We're broadly switching to synchronizing time with systemd's timesyncd
Every so often, simply writing an entry causes me to take a closer look
at something I hadn't paid much attention to before. I recently wrote
a series of entries on my switch from ntpd to chrony on my desktops and why we don't run NTP daemons but instead
synchronize time through a cron entry.
Our hourly crontab script for time synchronization dates back to at
least 2008 and perhaps as early as 2006 and our first Ubuntu 6.06
installs; we've been carrying it forward ever since without thinking
about it very much. In particular, we carried it forward into our
standard 16.04 installs. When we did this,
we didn't really pay attention to the fact that 16.04 is different
here, because 16.04 is systemd based and includes systemd's timesyncd
time synchronization system. Ubuntu installed and activated
systemd-timesyncd (with a stock setup that got time from
ntp.ubuntu.com), we installed our hourly crontab script, and nothing
exploded so we didn't really pay attention to any of this.
When I wrote my entries, they caused me to start actually noticing
systemd-timesyncd and paying some attention to it, which included
noticing that it was actually running and synchronizing the time
on our servers (which kind of invalidates my casual claim here that our servers were typically less than
a millisecond out in an hour, since that was based on
reports and I was assuming that there was no other time synchronization
going on). Coincidentally, one of my co-workers had also had timesyncd
come to his attention recently for reasons outside of the scope of
this entry. With timesyncd temporarily in our awareness, my
co-workers and I talked over the whole issue and decided that doing
time synchronization the official 16.04 systemd way made the most
(Part of it is that we're likely to run into this issue on all future Linuxes we deal with, because systemd is everywhere. CentOS 7 appears to be just a bit too old to have timesyncd, but a future CentOS 8 very likely will, and of course Ubuntu 18.04 will and so on. We could fight city hall, but at a certain point it's less effort to go with the flow.)

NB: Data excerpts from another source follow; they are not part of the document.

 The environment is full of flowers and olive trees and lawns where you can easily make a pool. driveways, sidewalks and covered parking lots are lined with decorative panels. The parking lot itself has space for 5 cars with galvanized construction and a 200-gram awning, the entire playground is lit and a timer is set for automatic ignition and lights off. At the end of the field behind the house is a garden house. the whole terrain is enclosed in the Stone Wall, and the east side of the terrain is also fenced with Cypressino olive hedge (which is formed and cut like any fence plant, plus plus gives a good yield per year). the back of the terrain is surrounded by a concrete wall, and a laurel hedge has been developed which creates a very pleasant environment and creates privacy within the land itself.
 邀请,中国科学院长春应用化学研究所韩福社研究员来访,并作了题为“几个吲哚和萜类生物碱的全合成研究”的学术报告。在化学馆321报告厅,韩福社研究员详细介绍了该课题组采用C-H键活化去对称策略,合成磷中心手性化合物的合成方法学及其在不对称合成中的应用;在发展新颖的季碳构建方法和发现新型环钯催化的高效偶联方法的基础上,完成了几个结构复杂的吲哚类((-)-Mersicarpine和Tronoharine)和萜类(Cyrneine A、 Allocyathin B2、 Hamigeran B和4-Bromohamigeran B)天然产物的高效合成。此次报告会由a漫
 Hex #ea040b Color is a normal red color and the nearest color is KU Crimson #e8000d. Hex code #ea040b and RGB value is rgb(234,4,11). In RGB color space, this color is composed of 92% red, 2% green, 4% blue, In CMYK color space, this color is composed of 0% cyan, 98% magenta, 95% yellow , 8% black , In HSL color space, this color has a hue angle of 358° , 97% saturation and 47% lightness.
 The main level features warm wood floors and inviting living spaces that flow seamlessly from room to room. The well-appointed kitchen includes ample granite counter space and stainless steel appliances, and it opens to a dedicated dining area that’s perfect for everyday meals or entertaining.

In other words, we're switching over to officially using systemd-timesyncd. We were passively using it before without really realizing it since we didn't disable timesyncd, but now we're actively configuring it to use our time local servers instead of Ubuntu's and we're disabling and removing our hourly cron job. I guess we're now running NTP daemons on all our servers after all; not because we need them for any of the reasons I listed, but just because it's the easiest way.

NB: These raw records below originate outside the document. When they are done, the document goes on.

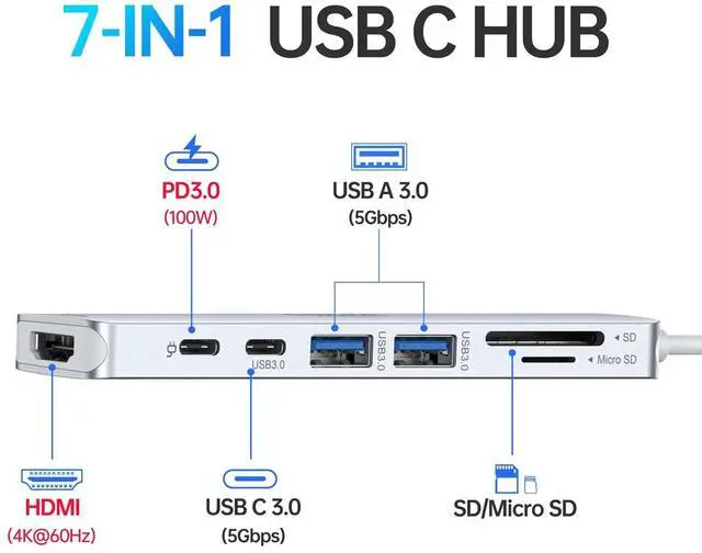 7-in-1 USB C Hub: USB C to HDMI Adapter equipped with 1*4K@60Hz HDMI port, 2*USB 3.0 ports, 1*USB C Data port, 1*100W PD, Micro SD/TF card reader slot, Works well with most USB-C devices, like MacBook Pro, MacBook Air, MacBook M1, M2, iMac, iPad Pro, iPhone 15 Pro/Pro Max, Dell XPS Surface, HP and other USB-C port devices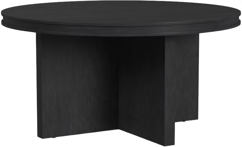 Architectural appeal. Add effortless style and architectural appeal to your living room with the Waterfall round coffee table. This striking table features a timeless silhouette defined by clean lines and simple geometric shapes, including a substantial sculptural crisscross base that supports the roomy surface.Read More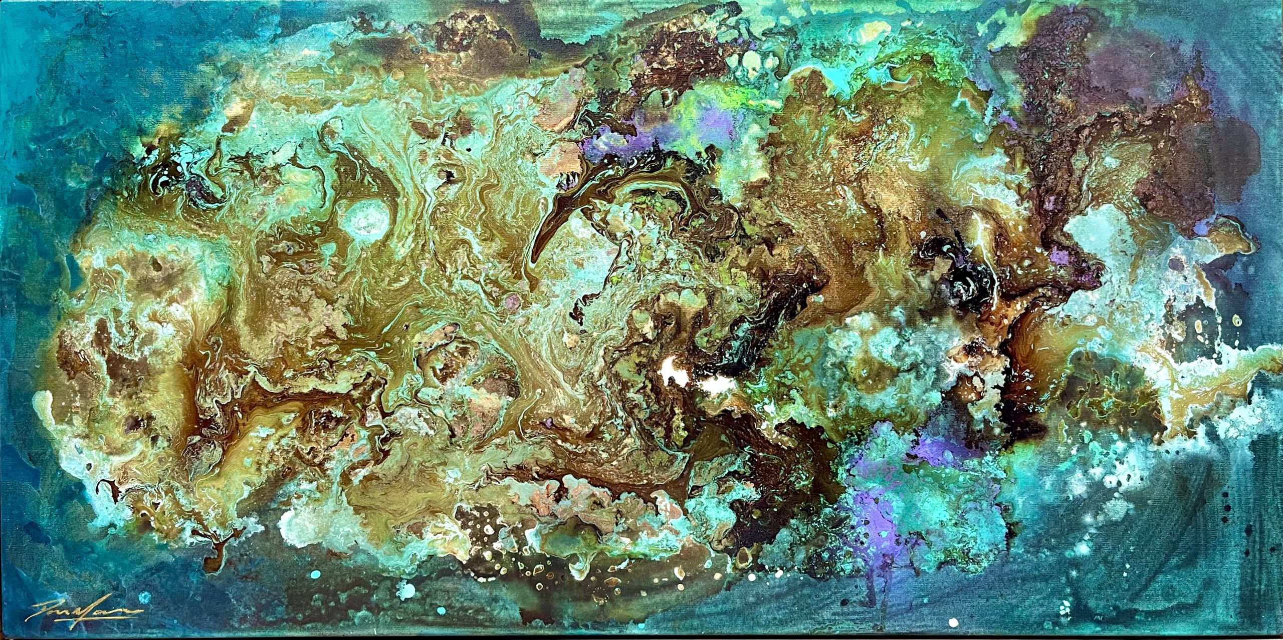 Talle Creek Swim No 2 by Dan Mason – mixed media on professionally stretched 22oz linen. 70CM X 140CM.
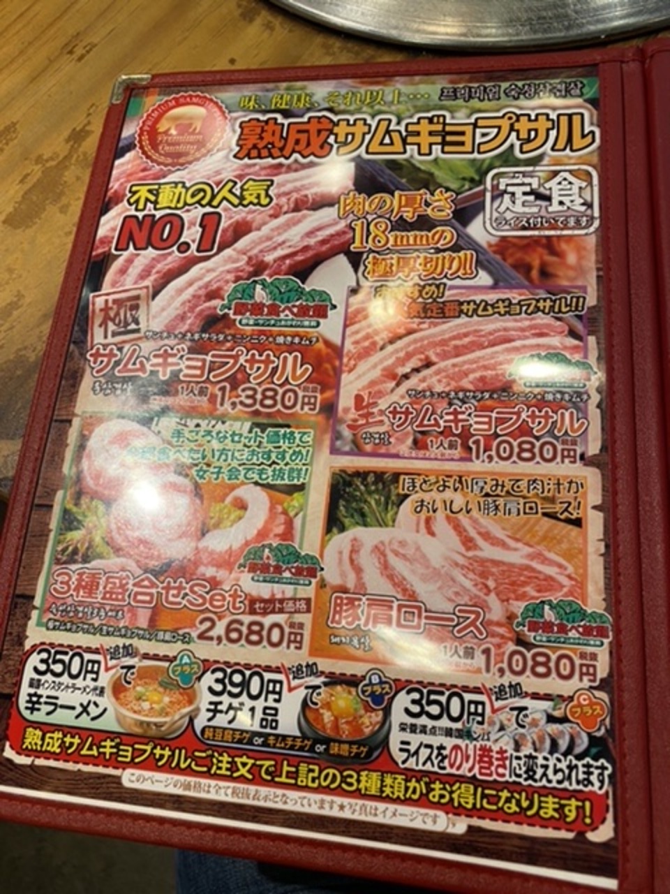 サムギョプサルを食べようと鐘路本家に行きましたが無くなっていて別のお店になっていました。それでカントンの思い出に入りました。サムギョプサルは2人前から、鐘路本家は1人前からたのめて良かったのですが、、、熟成サムギョプサルの極サムギョプサルとサムギョプサルを1人前ずつ。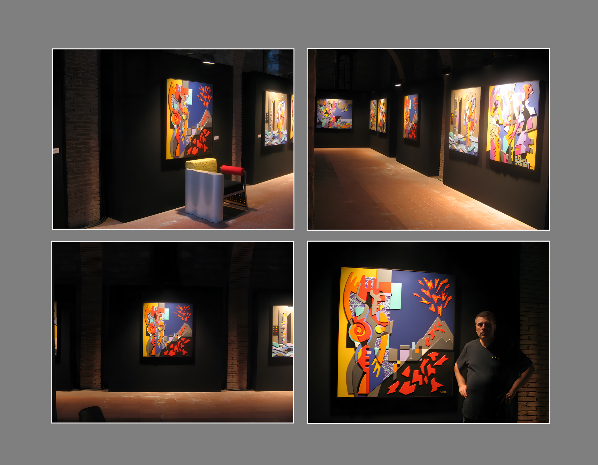 In questa mostra, avrete l'opportunità di ammirare opere d'arte uniche, tutte costruite con una tecnica distintiva: il legno intarsiato a rilievo. Ogni pezzo è meticolosamente lavorato per creare profondità e texture, e successivamente colorato con vivaci vernici acriliche. Questa combinazione di materiali e tecniche conferisce alle opere un carattere tridimensionale e una luminosità inconfondibile, rendendo ogni dettaglio un punto di interesse.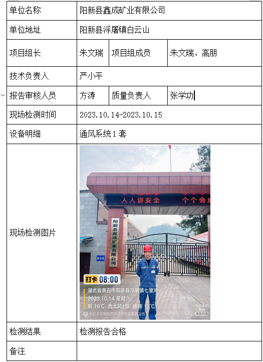 阳新县鑫成矿业有限公司2026/04/032023年检测检验项目 00 上一篇: 湖北兴宏矿业有限公司(兴昌磷矿)下一篇: 黄石帝州矿业公司阳新银山铅锌矿(湖北帝洲矿物科技股份有限公司) 相关推荐 黄梅龙源石膏有限公司 2026/04/13 2 查看全文 安徽中掘建设工程有限公司武穴分公司 2026/04/13 1 查看全文 华新骨料(阳新)有限公司 2026/04/13 2 查看全文 钟祥市秦冲磷矿刘冲采区 2026/04/13 2 查看全文 您好!请登录 点击取消回复 称呼: 邮箱: 点击这里取消回复。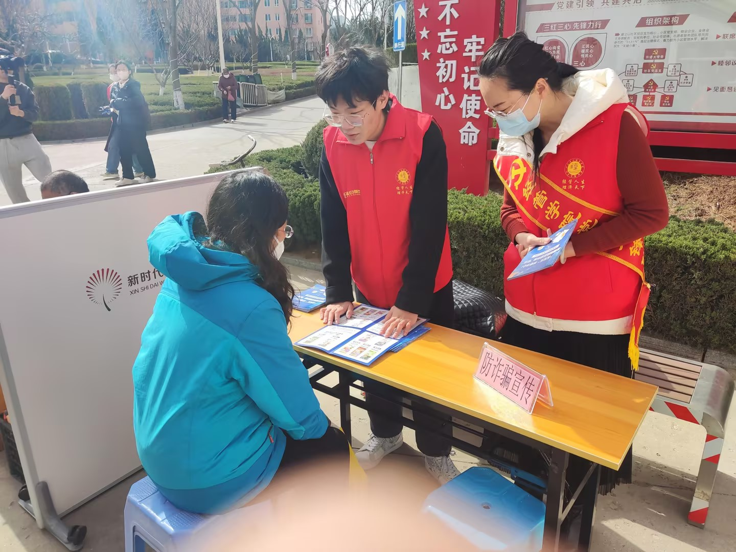本站讯 3月25日,经济管理学院党员教师到高新区航天小区开展“双报到”活动,为小区居民开展网络购物防诈骗宣传。

(At the moment we're also using
/etc/default/ntpdate (from the Ubuntu
ntpdate package) to force an initial synchronization at boot time,
or technically when the interface comes up. We'll probably keep doing
this unless timesyncd picks up good explicit support for initially
force-setting the system time; when our machines boot and get on the
network, we want them to immediately jump their time to whatever we
currently think it is.)
The cost of memory access across a NUMA machine can (probably) matter
We recently had an interesting performance issue reported to us by a researcher here. We have a number of compute machines, none of them terribly recent; some of them are general access and some of them can be booked for exclusive usage. The researcher had a single-core job (I believe using R) that used 50 GB or more of RAM. They first did some computing on a general-access compute server with Xeon E5-2680s and 96 GB of RAM, then booked one of our other servers with Xeon X6550s and 256 GB of RAM to do more work on (possibly work that consumed significantly more RAM). Unfortunately they discovered that the server they'd booked was massively slower for their job, despite having much more memory.

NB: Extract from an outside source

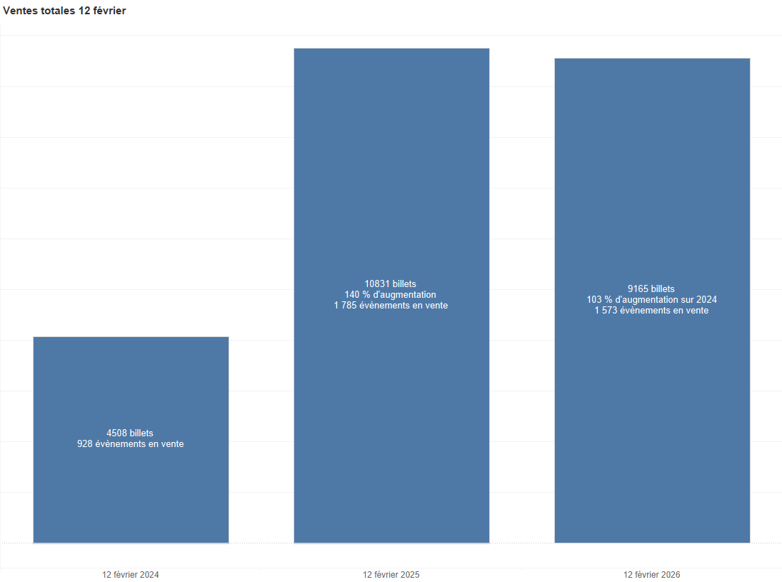 En dépit de ce léger recul, la Journée de la Billetterie 2026 demeure un succès. Les ventes totales de début février restent bien supérieures aux moyennes habituelles et encore une fois + de 90 % des billets ont été achetés au tarif régulier, preuve que le public est prêt à payer le prix juste lorsque l’offre est claire et attractive.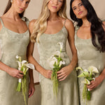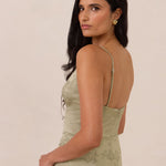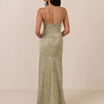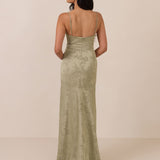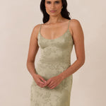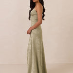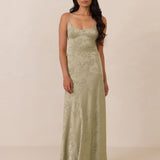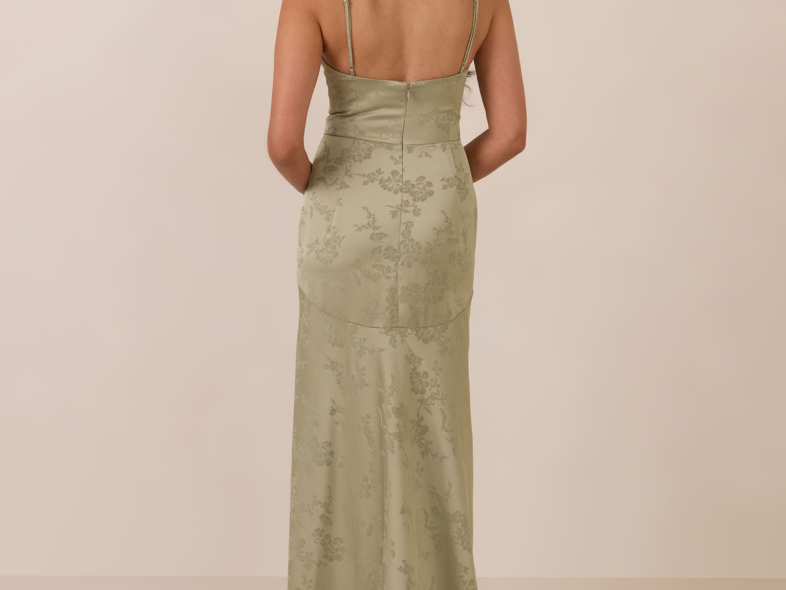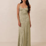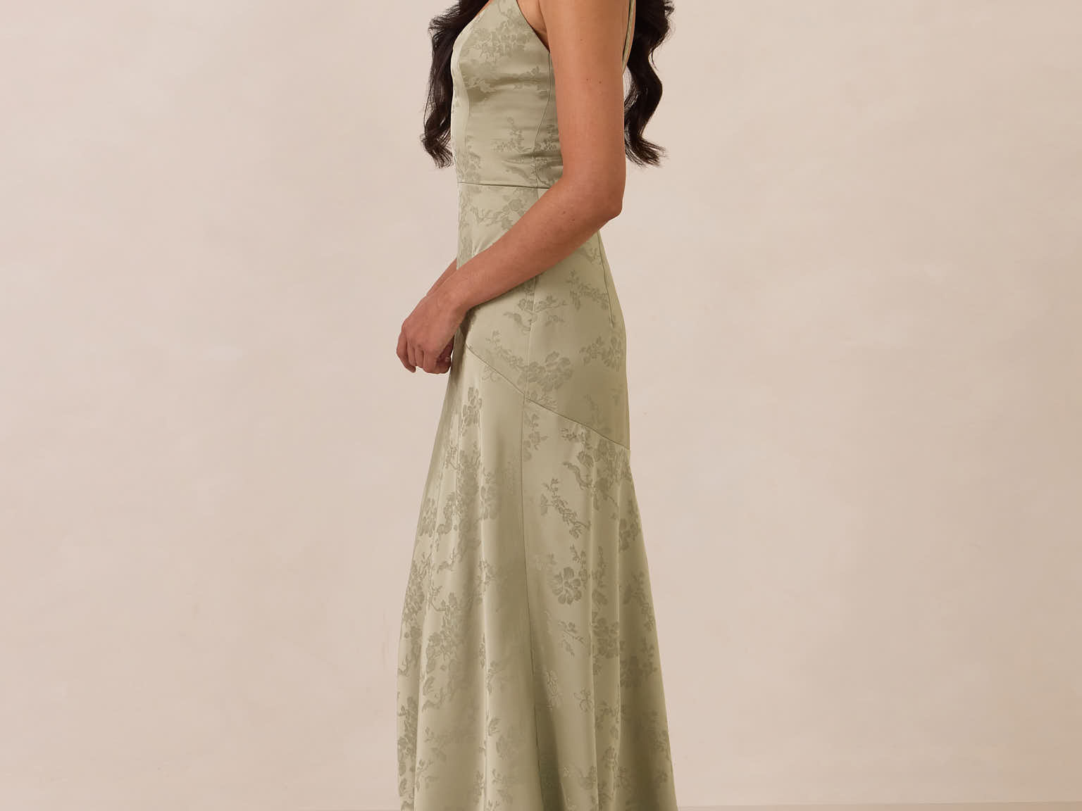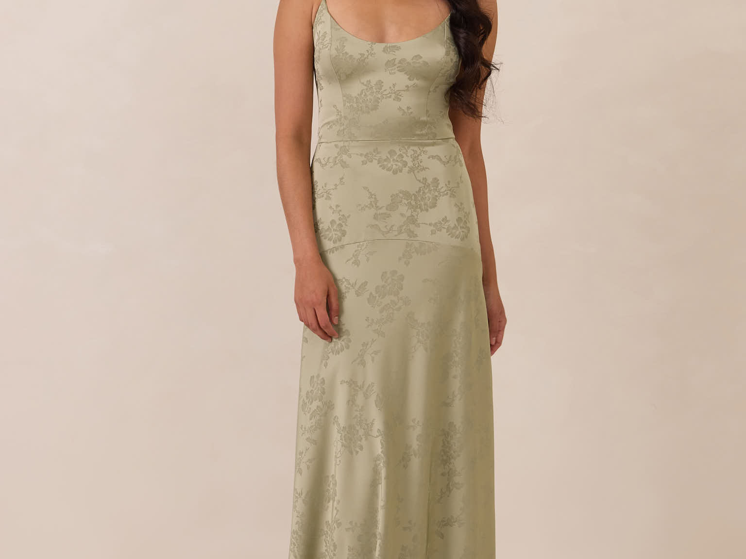 Crafted from luxurious Jacquard satin, this full-length dress features adjustable straps and a flattering drop waist, creating an elegant silhouette with timeless appeal. The scoop neckline and back add a delicate, feminine touch, while the bias-cut skirt flows gracefully to the floor, combining sophistication and comfort for a truly captivating look.

We don't know for sure what was going on, but our leading theory is NUMA memory access effects because the two servers have significantly different NUMA memory hierarchies. In fact they are the two example servers from my entry on getting NUMA information from Linux. The general access server had two sockets for 48 GB of RAM per socket, while the bookable compute server with 256 GB of RAM had eight sockets and so only 32 GB of RAM per socket. To add to the pain, the high-memory server also appears to have a higher relative cost for access to the memory of almost all of the other sockets. So on the 256 GB machine, memory access was likely going to other NUMA nodes significantly more frequently and then being slower to boot.
Having said that, I just investigated and there's another difference; the 96 GB machine has DDR3 1600 MHz RAM, while the 256 GB machine has DDR3 RAM at 1333 Mhz (yes, they're old machines). This may well have contributed to any RAM-related slowdown and makes me glad that I checked; I don't usually even consider RAM module speeds, but if we think there's a RAM-related performance issue it's another thing to consider.
I found the whole experience to be interesting because it pointed out a blind spot in my usual thinking. Before the issue came up, I just assumed that a machine with more memory and more CPUs would be better, and if it wasn't better it would be because of CPU issues (here they're apparently generally comparable). That NUMA layout (and perhaps RAM speed) made the 'big' machine substantially worse was a surprise. I'm going to have to remember this for the future.
PS: The good news is that we had another two-socket E5-2680 machine with 256 GB that the researcher could use, and I believe they're happy with its performance. And with 128 GB of RAM per socket, they can fit even quite large R processes into a single socket's memory.